手技による施術行為が純然たるサービス業という捉え方をすれば、このような発想も生まれてくるのかもしれません。
面白いですね、ここらの議論は。


おかしなことに医業類似行為の公的免許を持つ者がこうした手技整体にわざわざ参入してきているのも事実です。
医業類似行為の公的免許を持つ鍼灸師が整体業を併設する。あるいは医業類似行為の公的免許を持つ柔道整復師(整骨院)が私塾をつくって、そこで自前の整体師を養成し整体業を併設展開するなどのケースも少なくないわけです。
医業類似行為の公的免許を持つ業態が表向き「整体は違法だろう」といいながらも他方ではそれを都合がよければ積極的に受け入れているという矛盾した状況さえも出現してきているわけです。
有資格者が自分の看板の下で無資格者を雇用して使うということと大して変わりはないわけです。
要するに、ここらは医業類似行為の曖昧さを助長する状況を自ら作り出して素知らぬ顔をしているということでしょう。

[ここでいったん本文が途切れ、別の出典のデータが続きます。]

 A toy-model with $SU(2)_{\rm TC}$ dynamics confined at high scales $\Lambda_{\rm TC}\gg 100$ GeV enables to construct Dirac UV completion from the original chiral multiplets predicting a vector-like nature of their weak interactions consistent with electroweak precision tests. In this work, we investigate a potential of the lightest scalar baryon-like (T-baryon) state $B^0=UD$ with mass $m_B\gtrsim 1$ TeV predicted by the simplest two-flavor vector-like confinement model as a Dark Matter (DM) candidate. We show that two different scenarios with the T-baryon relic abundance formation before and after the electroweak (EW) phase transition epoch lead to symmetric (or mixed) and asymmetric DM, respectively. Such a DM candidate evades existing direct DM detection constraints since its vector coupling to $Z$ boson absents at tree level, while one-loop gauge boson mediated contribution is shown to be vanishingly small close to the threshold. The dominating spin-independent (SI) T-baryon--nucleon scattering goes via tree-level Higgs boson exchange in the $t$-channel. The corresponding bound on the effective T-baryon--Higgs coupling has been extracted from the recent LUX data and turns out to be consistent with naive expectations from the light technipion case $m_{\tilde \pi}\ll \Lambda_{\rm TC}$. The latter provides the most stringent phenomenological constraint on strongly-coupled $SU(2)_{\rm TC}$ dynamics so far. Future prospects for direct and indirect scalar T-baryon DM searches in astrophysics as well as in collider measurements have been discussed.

いやむしろ整体業自体は従来の医業類似行為とは異なる業態として、差別化して発展していくことを暗に期待しての前向きの展開という事なのかも知れません。
まあ饅頭の横に新たに濡れ煎餅を店頭に並べてみた程度のものなのでしょうが、何だかすっきりしない感じではあります。
とにかくこうした手技業界では独自性ということが一つの重要なファクターではあります。
極端な事例ですが、公的免許を持っていながらあえて「整体業」の看板を挙げる施術者もいます。
それこそ時流に敏感に反応しているわけで、整体の知名度や業態そのものが性に合っているということなのでしょう。
結局のところ手技饅頭業態でも明確な差別化が必要であるということには違いはありません。

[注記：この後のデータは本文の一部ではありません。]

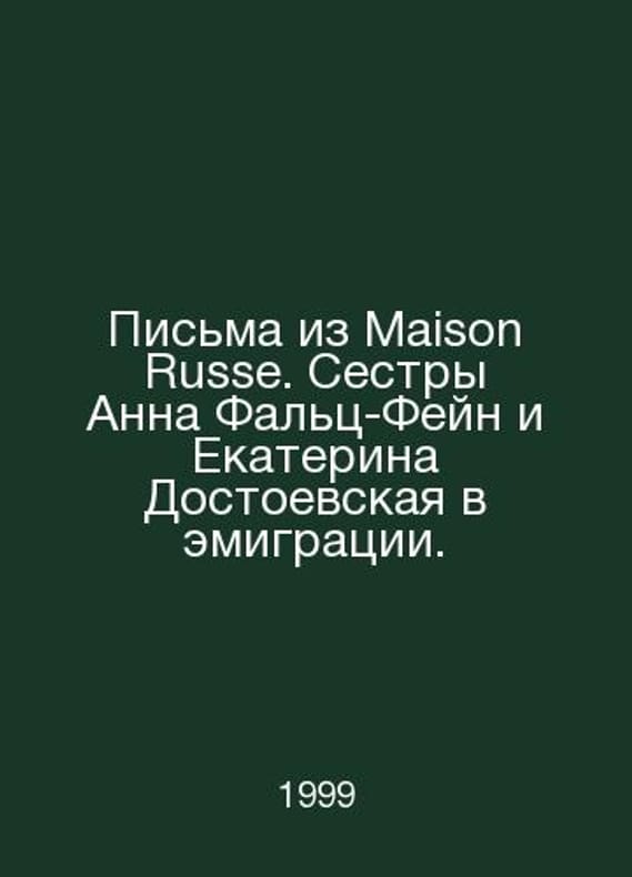 Letters from Maison Russe. (Sisters Anna Falz-Fein and Catherine Dostoyevsky in exile). In Russian (ask us if in doubt)/Pisma iz Maison Russe. (Sestry Anna Falts-Feyn i Ekaterina Dostoevskaya v emigratsii).. Short description: In Russian (ask us if in doubt).Letters from Maison Russe. (Sisters Anna Falz-Fein and Catherine Dostoyevsky in exile). We have thousands of titles and often several copies of each title may be available. Please feel free to contact us for a detailed description of the copies available. SKUalb67514165f1da87b1

この点から言えば手技治療という医業類似行為業界内部にあって、我々の柔道整復師という名称は差別化という意味では実に輝かしい占有効果を発揮してきているのです。
手技治療業界では、この点だけは一歩も譲らないのであります。
かって身分法としての単行法が成立した所以でもあります。

つまり柔道整復師は手技治療業界では饅頭にも煎餅にもならないその独自性を誇っていいのであります。

ただし手技治療業界内でたとえ法的身分法を確保しているからといって今後も安泰とは言えないのです。